Zim turned his head to look at his friend. GIR's next words were a rude interruption, "The squirrel gave me a hug to." They both stared at him. Dib was the one to ask the question they were both thinking.

"At the same time?"

Gir nodded. Zim lifted his head only to turn it and smash it right back down again.

The elevator hatch opened up again. "Hey," Kam yelled down again, "do you guys want hot chocolate with your waffles?"

Dib stared at the elevator then turned and looked blankly at nothing in particular saying his thoughts out loud, "…that's such a weird combination"

"CHOCOLATE!" GIR squeelled with delight.

"So that's a yes for GIR and Dib. Zim?"

Zim didn't lift his head off the computer but did lift his hand and raised his voice so she would hear him say, "Yeah fine whatever…"

"Ok Well Dinners ready. You guys can finish the report later."

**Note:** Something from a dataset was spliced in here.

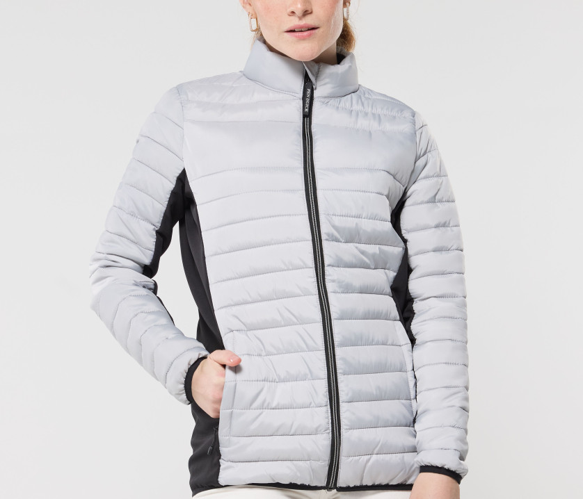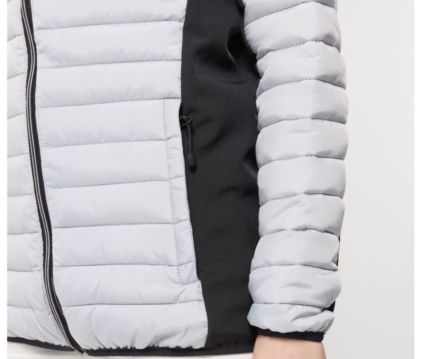 Leichte, modische Daunenjacke aus Bi-Material, anliegende Passform. 2 Seitentaschen mit Reißverschluss. 2 Innentaschen. Kinnschutz. Kontrastierte Reißverschlüsse. Druckfläche vorne 9 cm und hinten 12 cm.

Dib looked between the elevator, Zim and GIR who was squeezing his rubber piggy, "Yeah ok. Ready GIR?"

GIR turned to look at Zim, his face is still smashed on the panel. The little robot walked closer and stared up at Zim. Zim cracked open one eye.

"What GIR… and stop pulling my pant leg."

GIR just held on to Zim's leg and kept staring up at him. Eventually Zim lifted up his head and looked down at his robot minion. He sighed, "Oh alright…"

A huge smile crossed GIR's face. He screamed, "WAFFLES!" and turned and started running away, still holding Zim's clothing.

"GIR! Wait!" Zim was dragged off his chair. "Oww! Let go of my leg GIR! AAAAAAHHHHHHHHH."

"Then we all ate waffles and the squirrel and the Tangerine and the Tangello all flew away into the stars! The end! SALTED NUTS!" And GIR shot nutty goodness at all the people who were silly enough to read this whole fan fiction.